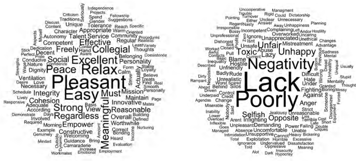
Figure 3: Left: Words employees use to uniquely describe ‘good culture.’ Right: Words employees use to uniquely describe ‘bad culture.’

An employee who participated in a focus group in Sydney, Australia may have provided one of the best summaries for what workplace culture is all about. She defined culture as, “The sort of things that the company provides that you don’t think are big things, but they actually play a big part in keeping people.” In the end, culture is a culmination of a lot of factors that ultimately retain your current employees, engage them in great work, and make your organization a magnet for new talent.
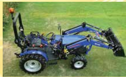
Chassis Based Design
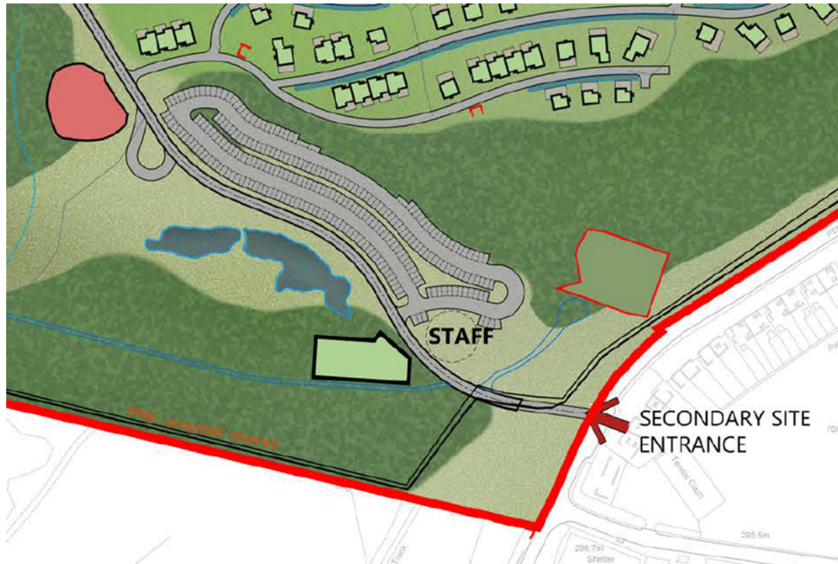
Staff Car Park - 250 Spaces (for information purposes only)
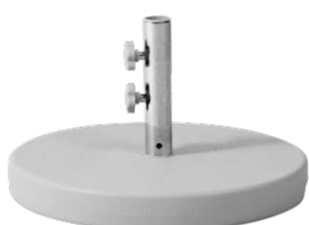
30KG CONCRETE FILLED BASE

You can either use your umbrella with a freestanding base or instead install it using our stainless steel Removable Spigot System. The base plate is bolted down to a timber deck or a concrete patio and the removable spigot is then fixed to the base plate.
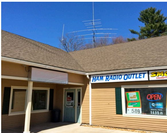
Ham Radio Outlet in Salem, NH
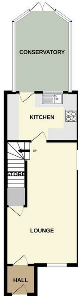
GROUND FLOOR 485 sq.ft. (45.0 sq.m.) approx.
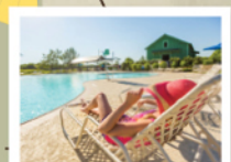
Resort style pool
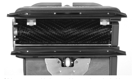
Slide squeegee blades out sideways from the holder.
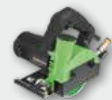
EDS 125 1.250 W; 12.000 rpm; Ø 125 mm max. cutting depth 36 mm
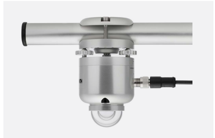
Figure 4 The tube mounts of SR30, SR15, and SR05 can be used to measure global, reflected, and Plane Of Array irradiance. For downfacing instruments, we typically do not use the sun screen. See also Figure 1.

Hukx pyranometer model SR30 is compatible with the requirements of Class A monitoring systems.
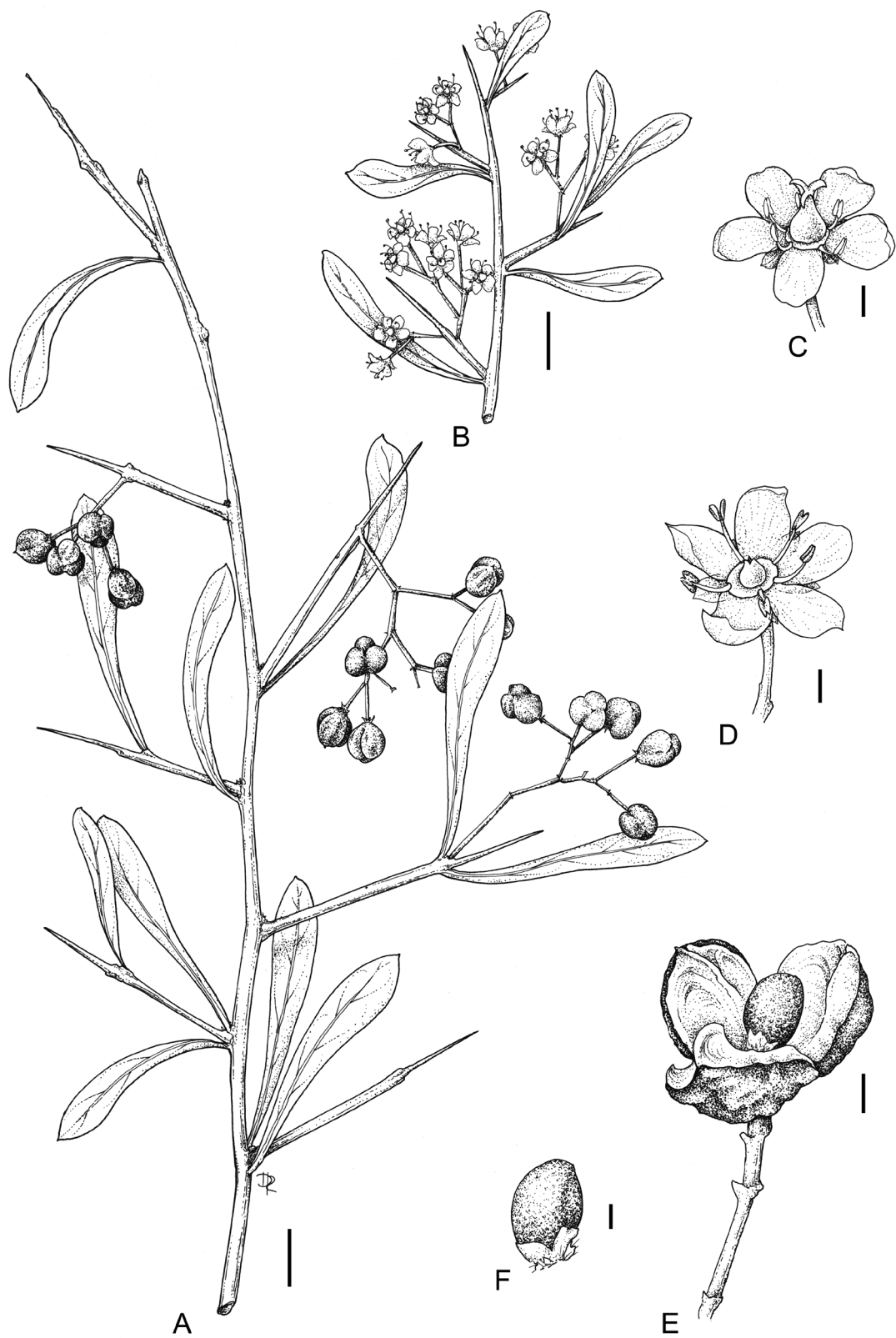
FIGURE 2. Gymnosporia sekhukhuniensis . A. Leafy branchlet with fruit. B. Twig with male flowers. C. Female flower. D. Male flower. E. Dehisced capsule with seed. F. Seed, with basal aril. Scale bar = 10 mm (A & B), 1 mm (C, D & F) and 2 mm (E). A from Winter 2585 , B from Winter 2932 , C from Schmidt 845 , D from Stalmans 695 , E & F from McMurtry 12408 . Artist: Daleen Roodt.
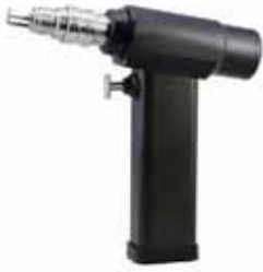
GEOORTHO1105 Cranial bur (System general) (NEW )
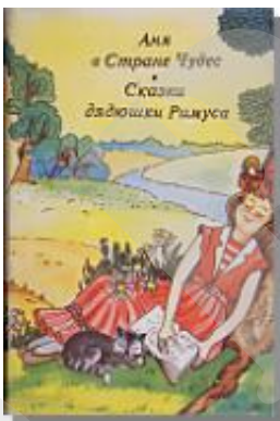
A7.11 First printing, 1993, cover, front

1) Аня в стране чудес [Ania v strane chudes / Anna in wonderland]
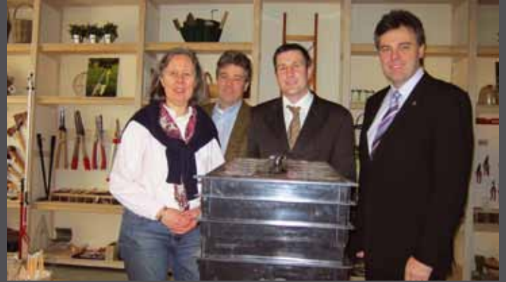
High end garden equipment supplier De Wiltfang who has taken on distribution for Wormworks wormery to the garden trade in the Netherlands.
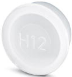
Plastic dust protection cap for connectors with M17 external thread

Please be informed that the data shown in this PDF Document is generated from our Online Catalog. Please find the complete data in the user's documentation. Our General Terms of Use for Downloads are valid ( http://phoenixcontact.com/download )
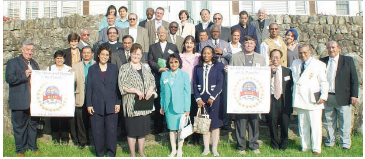
All participants of the ACLC National Hispanic Clergy Conference at Carmel Retreat Center in Mahwah, NJ.

he conference setting of the first Spanish-American ACLC conference was beautiful:
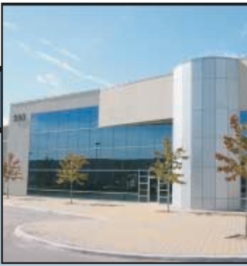
550 Petrolia Road, Toronto New home of Estee Lauder Cosmetics
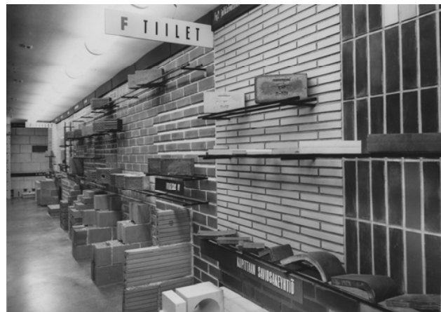
Fig. 6 Erkki Koiso-Kanttila renewed the Permanent Building Products Exhibition using SfB classification system

Koiso-Kanttila renewed the exhibition space, as well as the exhibition itself, quite thoroughly. By means of skilled exhibition design he was able to fit plenty of exhibition material into the space without creating a feeling of overcrowdedness. For example, the wall surfaces doubled as a paint exhibition, the floors as a floor covering exhibition and the balcony railing as a sheet glass exhibition. Material exhibitions additionally had information for instance about the costs, heat insulation and breathability of the materials, as well as other important information to be taken into consideration when choosing building materials [18].

#####

Word for word, print the material above, but without its pictures.

**RESULT FOR THIS EXERCISE:**
Figure 3: Left: Words employees use to uniquely describe ‘good culture.’ Right: Words employees use to uniquely describe ‘bad culture.’

An employee who participated in a focus group in Sydney, Australia may have provided one of the best summaries for what workplace culture is all about. She defined culture as, “The sort of things that the company provides that you don’t think are big things, but they actually play a big part in keeping people.” In the end, culture is a culmination of a lot of factors that ultimately retain your current employees, engage them in great work, and make your organization a magnet for new talent.
Chassis Based Design
Staff Car Park - 250 Spaces (for information purposes only)
30KG CONCRETE FILLED BASE

You can either use your umbrella with a freestanding base or instead install it using our stainless steel Removable Spigot System. The base plate is bolted down to a timber deck or a concrete patio and the removable spigot is then fixed to the base plate.
Ham Radio Outlet in Salem, NH
GROUND FLOOR 485 sq.ft. (45.0 sq.m.) approx.
Resort style pool
Slide squeegee blades out sideways from the holder.
EDS 125 1.250 W; 12.000 rpm; Ø 125 mm max. cutting depth 36 mm
Figure 4 The tube mounts of SR30, SR15, and SR05 can be used to measure global, reflected, and Plane Of Array irradiance. For downfacing instruments, we typically do not use the sun screen. See also Figure 1.

Hukx pyranometer model SR30 is compatible with the requirements of Class A monitoring systems.
FIGURE 2. Gymnosporia sekhukhuniensis . A. Leafy branchlet with fruit. B. Twig with male flowers. C. Female flower. D. Male flower. E. Dehisced capsule with seed. F. Seed, with basal aril. Scale bar = 10 mm (A & B), 1 mm (C, D & F) and 2 mm (E). A from Winter 2585 , B from Winter 2932 , C from Schmidt 845 , D from Stalmans 695 , E & F from McMurtry 12408 . Artist: Daleen Roodt.
GEOORTHO1105 Cranial bur (System general) (NEW )
A7.11 First printing, 1993, cover, front

1) Аня в стране чудес [Ania v strane chudes / Anna in wonderland]
High end garden equipment supplier De Wiltfang who has taken on distribution for Wormworks wormery to the garden trade in the Netherlands.
Plastic dust protection cap for connectors with M17 external thread

Please be informed that the data shown in this PDF Document is generated from our Online Catalog. Please find the complete data in the user's documentation. Our General Terms of Use for Downloads are valid ( http://phoenixcontact.com/download )
All participants of the ACLC National Hispanic Clergy Conference at Carmel Retreat Center in Mahwah, NJ.

he conference setting of the first Spanish-American ACLC conference was beautiful:
550 Petrolia Road, Toronto New home of Estee Lauder Cosmetics
Fig. 6 Erkki Koiso-Kanttila renewed the Permanent Building Products Exhibition using SfB classification system

Koiso-Kanttila renewed the exhibition space, as well as the exhibition itself, quite thoroughly. By means of skilled exhibition design he was able to fit plenty of exhibition material into the space without creating a feeling of overcrowdedness. For example, the wall surfaces doubled as a paint exhibition, the floors as a floor covering exhibition and the balcony railing as a sheet glass exhibition. Material exhibitions additionally had information for instance about the costs, heat insulation and breathability of the materials, as well as other important information to be taken into consideration when choosing building materials [18].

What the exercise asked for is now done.